男2人が2人用のテーブルに向かい合って熱いコーヒーをすすっていた。
「先輩、どうしたんですか? 今日は」
1人の男がそう言うと、
「あ? いや、別に?」
”先輩”と呼ばれた男が応えた。
「そうですか? 先輩が口数少ないのはいつもどおりですけど、今日は何か変ですよ」
「そうか?」
「そんな気がするだけですけど。なんか、嫌な夢でもみたんですか?」
そう言うと”先輩”は少し驚いた様に向かいの男の目をみた。
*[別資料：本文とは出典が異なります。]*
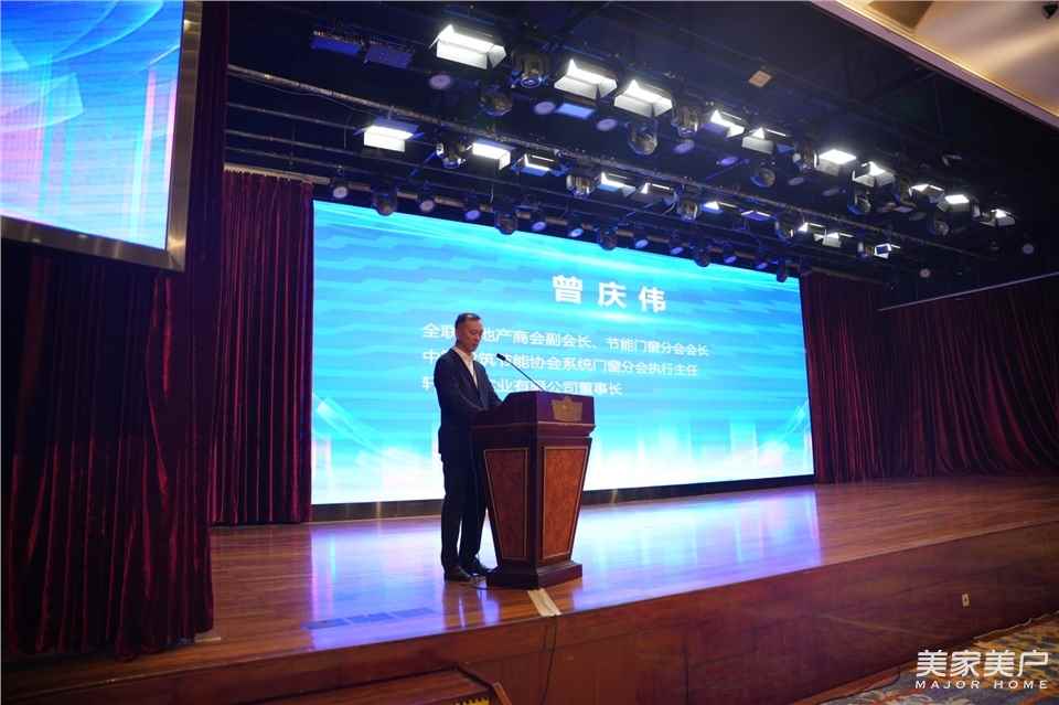全联房地产商会副会长、节能门窗分会主任委员、中国建筑节能协会系统门窗分会执行主任、轩尼斯实业有限公司董事长曾庆伟致辞并宣布晚宴开始。

心底気にかけているような目だった。
少し考えて、”先輩”は言った。
「キシマ、お前、嫌な夢ってよくみるか?」
「僕ですか? みますけどね。起きたらすぐに忘れるタチです」
”キシマ”と呼ばれた男が応えた。
「どんな夢、みたんですか?」
「カエルだよ」
「カエル…? あの緑色の?」
「そうだ。雨降ったときに出てくるあのカエルだよ」
”先輩”が如何にも憎たらしいといった調子で言った。
「へぇ…良いですね」
”キシマ”は嬉しそうだ。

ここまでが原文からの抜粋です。